Set Up (First Time Logging In ONLY)

  1. You should immediately do the following to change your password away from the default:
  2. % ldpasswd
    

    It will ask you for your old password (this is the one you used to log in with the first time) and then your new password twice (to make sure you didn't mistype it the first time).

    You ONLY have to do this for the first time logging in.

  3. Please IMMEDIATELY enter the following:
  4. % echo youremailaddress@yourinstitution.edu > ~/.forward
    

    You WON’T have to do this for future logins.

    NOTES

    • You should replace youremailaddress@yourinstitution.edu with your e-mail address.
    • After your e-mail address comes a blank space, then a greater-than symbol, then another blank space, then tilde slash period forwad, with no spaces between them.
    • The Unix copy command is cp.
    • The first filename after cp is the source (the thing that you’re making a copy of); the second is the destination (the name and/or location of the copy).
    • The filename .forward begins with a period (very important).
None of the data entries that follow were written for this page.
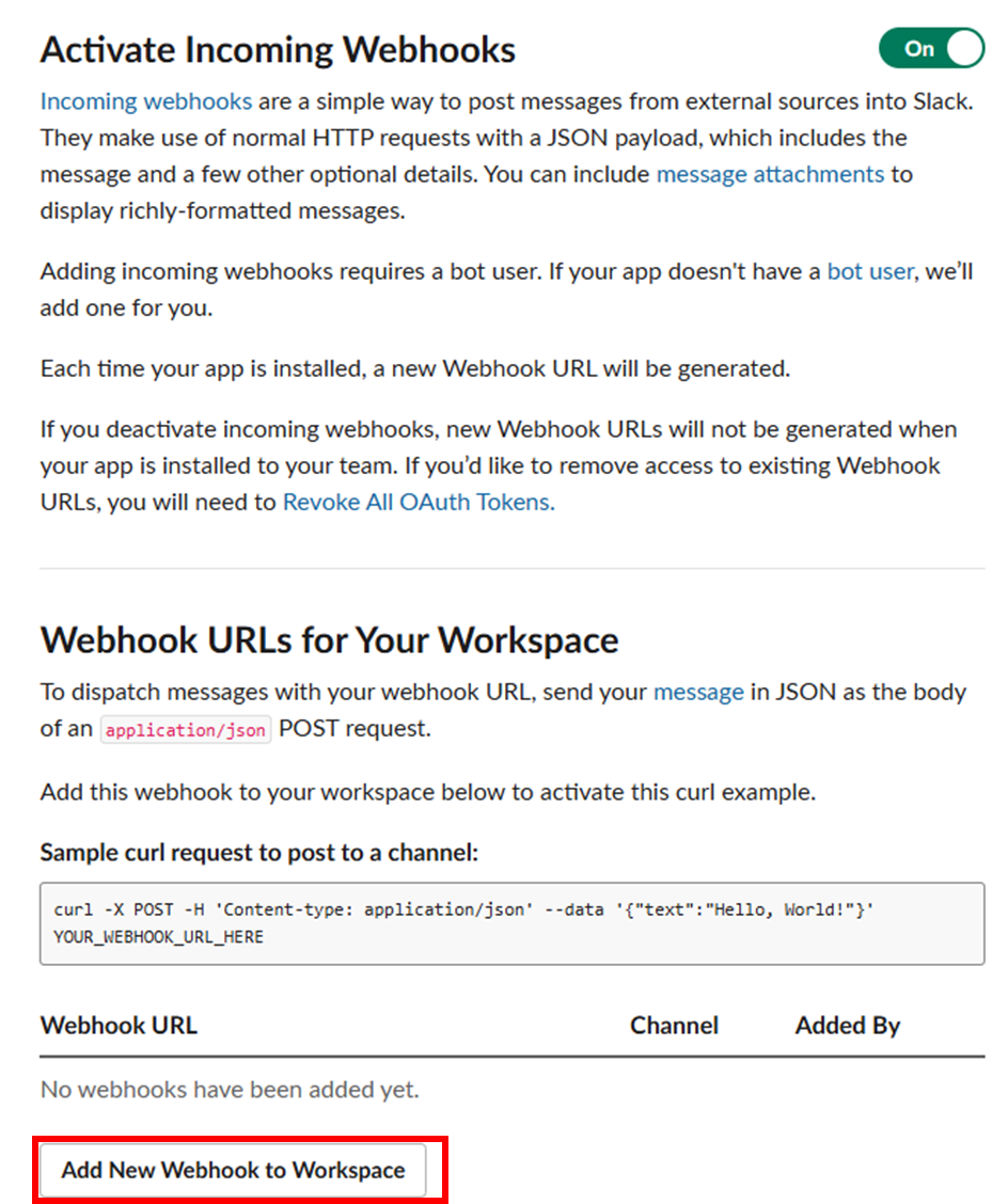 add new webhook to worksapce 클리
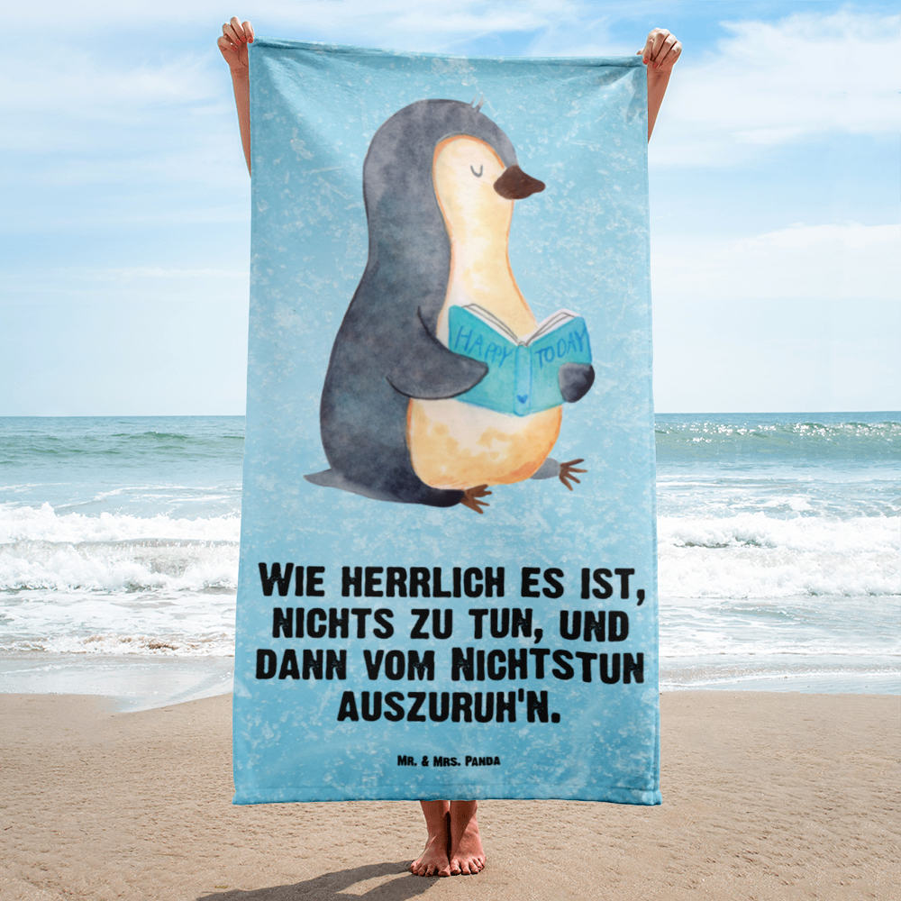 XL Badehandtuch Pinguin Buch Handtuch, Badetuch, Duschtuch, Strandtuch, Saunatuch, Pinguin, Pinguine, Buch, Lesen, Bücherwurm, Nichtstun, Faulenzen, Ferien, Urlaub, Freizeit
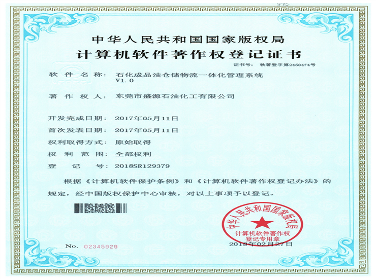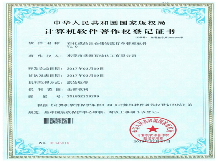 石化倉儲物流一體化管理系統(tǒng)著作權(quán)登記證書點擊查看大圖
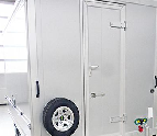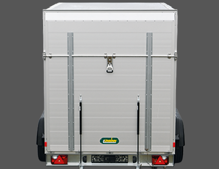 - Dubbele achterdeuren met aluminium scharnieren.
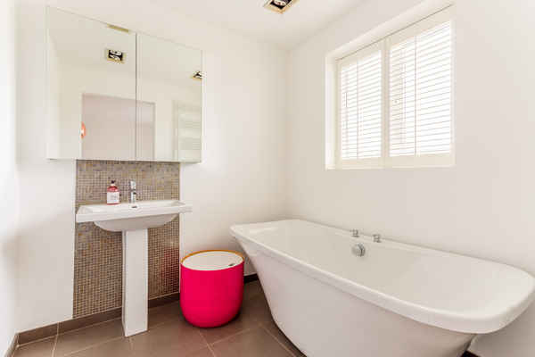 Upstairs is are double bedrooms and a beautiful bathroom with free standing tub.
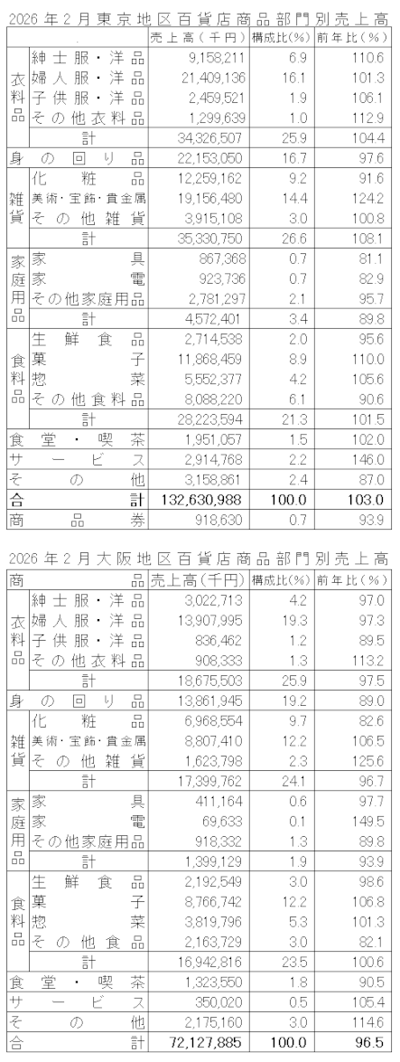 2026年2月 東京・大阪地区百貨店売上高

The filename is pronounced “dot forward.”
    • In Unix, filename s are case sensitive, meaning that it matters whether you use upper case (capital) or lower case (small) for each letter in a filename.
    • In Unix, pieces of a filename (or actually of the directory that it’s in) are separated by slashes, NOT by backslashes as in Windows.
    • The symbol ˜ (known as a tilde, pronounced “TILL-duh”) denotes your home directory (another way to denote your home directory is ˜yourusername).
    • The substring ˜fitz means “the home directory of the user named fitz.”
  5. Create a subdirectory of your home directory named MPI_exercises, like so:
  6. % mkdir ~/MPI_exercises
    

    NOTICE: In the subdirectory name MPI_exercises, the MPI MUST BE CAPITALIZED; that is, the directory name is “capital-M capital-P capital-I underscore exercises” with no spaces or other characters in between.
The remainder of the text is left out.